Exercise instructions: Every line of the material must be given again verbatim. Skip the images.

BEGIN Records supplied

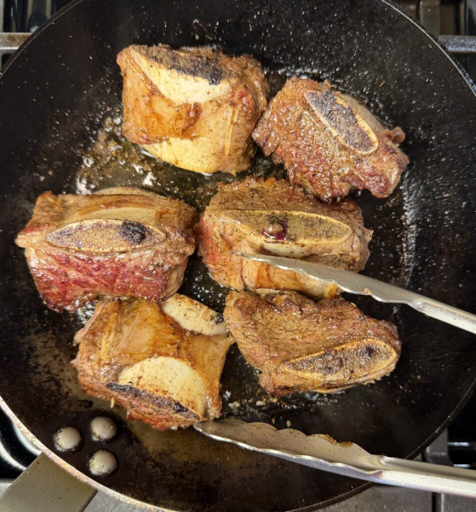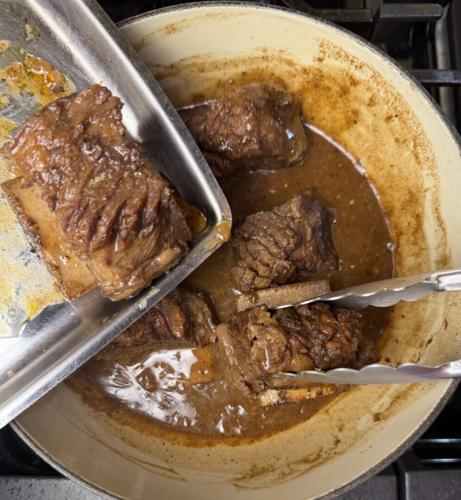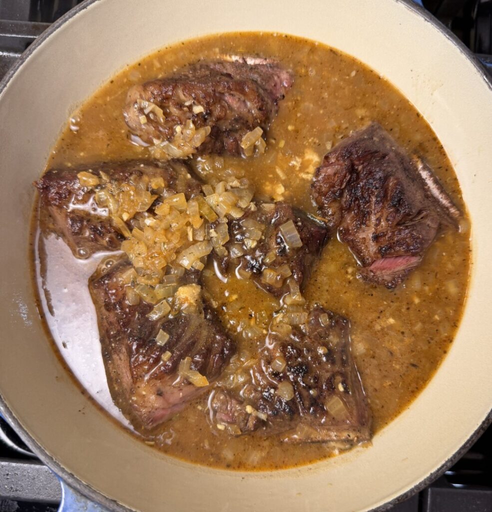 The first step in braising is browning. Choose a heavy sauté pan, such as the DeBuyer Mineral B pan I use. Make sure the pan is large enough to accommodate the short rib pieces without crowding the pan. Heat the pan over medium heat until hot, add some oil, and then place the rib pieces in the pan, bone-side up. Sauté to a rich, golden brown, then turn over. The bone sides won’t brown as evenly or as dark, but at least sauté until the bones lose their raw appearance. Then turn the ribs onto their various sides to brown the entire exterior of each rib. Transfer the browned ribs to a heavy casserole, such as a Le Creuset Dutch oven.
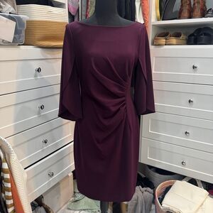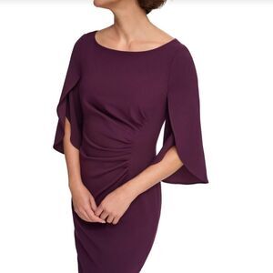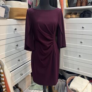This DKNY dress in a striking wine colored hue features a form-fitting sheath style, perfect for cocktail events. The bateau neckline and 3/4 dolman sleeves add a touch of elegance, while the subtle waist detail enhances its flattering silhouette.
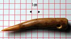 Kleinerer Marlspieker (mit Öhr zum Öffnen von Schraubschäkeln), um den ein Marlspiekerschlag geknüpft ist.
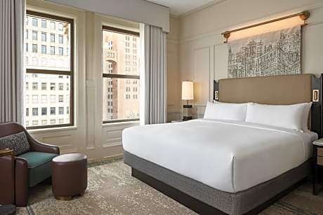 Offering a full-service spa, salon and Victorian art collection, this 4-star hotel is located in downtown Milwaukee. The property is a 10-minute walk from the Milwaukee Art Museum and provides WiFi to guests. The guest rooms at The Pfister Hotel feature a flat-screen TV and MP3 docking station. The private bathroom has spa bath amenities, a hairdryer and telephone. Some rooms include views of downtown Milwaukee or Lake Michigan. Guests can enjoy the Pfister's indoor pool or the well-equipped gym with cardio equipment. Hotel shops and a business center are also available. Blu, the martini bar located on the hotel's 23rd floor, boast excellent views of the city. The Mason Street Grill serves American cuisine including wood grilled steaks, sandwiches and homemade desserts. Room service is available from 6 am – 12 am daily.
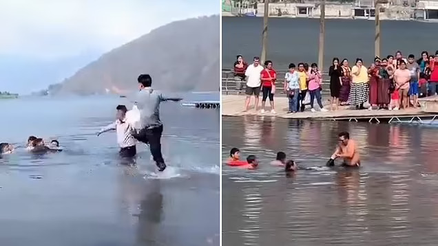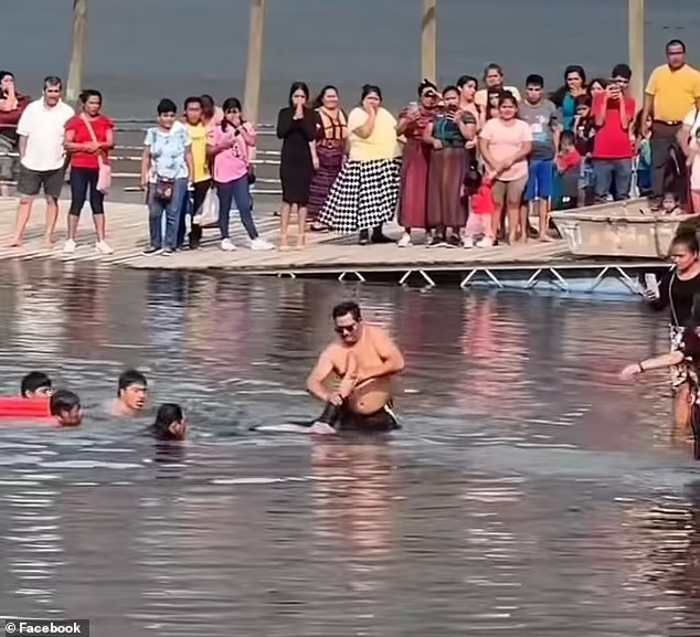 Στο βίντεο από την τελετή που έγινε στη λίμνη Ατιτλάν στη νοτιοδυτική Γουατεμάλα φαίνεται ο Μιγκέλ Σουτ να κρατάει έναν άνδρα που ετοιμαζόταν να βαπτιστεί.

END Records supplied

Solution for this task:
 The first step in braising is browning. Choose a heavy sauté pan, such as the DeBuyer Mineral B pan I use. Make sure the pan is large enough to accommodate the short rib pieces without crowding the pan. Heat the pan over medium heat until hot, add some oil, and then place the rib pieces in the pan, bone-side up. Sauté to a rich, golden brown, then turn over. The bone sides won’t brown as evenly or as dark, but at least sauté until the bones lose their raw appearance. Then turn the ribs onto their various sides to brown the entire exterior of each rib. Transfer the browned ribs to a heavy casserole, such as a Le Creuset Dutch oven.
This DKNY dress in a striking wine colored hue features a form-fitting sheath style, perfect for cocktail events. The bateau neckline and 3/4 dolman sleeves add a touch of elegance, while the subtle waist detail enhances its flattering silhouette.
 Kleinerer Marlspieker (mit Öhr zum Öffnen von Schraubschäkeln), um den ein Marlspiekerschlag geknüpft ist.
 Offering a full-service spa, salon and Victorian art collection, this 4-star hotel is located in downtown Milwaukee. The property is a 10-minute walk from the Milwaukee Art Museum and provides WiFi to guests. The guest rooms at The Pfister Hotel feature a flat-screen TV and MP3 docking station. The private bathroom has spa bath amenities, a hairdryer and telephone. Some rooms include views of downtown Milwaukee or Lake Michigan. Guests can enjoy the Pfister's indoor pool or the well-equipped gym with cardio equipment. Hotel shops and a business center are also available. Blu, the martini bar located on the hotel's 23rd floor, boast excellent views of the city. The Mason Street Grill serves American cuisine including wood grilled steaks, sandwiches and homemade desserts. Room service is available from 6 am – 12 am daily.
 Στο βίντεο από την τελετή που έγινε στη λίμνη Ατιτλάν στη νοτιοδυτική Γουατεμάλα φαίνεται ο Μιγκέλ Σουτ να κρατάει έναν άνδρα που ετοιμαζόταν να βαπτιστεί.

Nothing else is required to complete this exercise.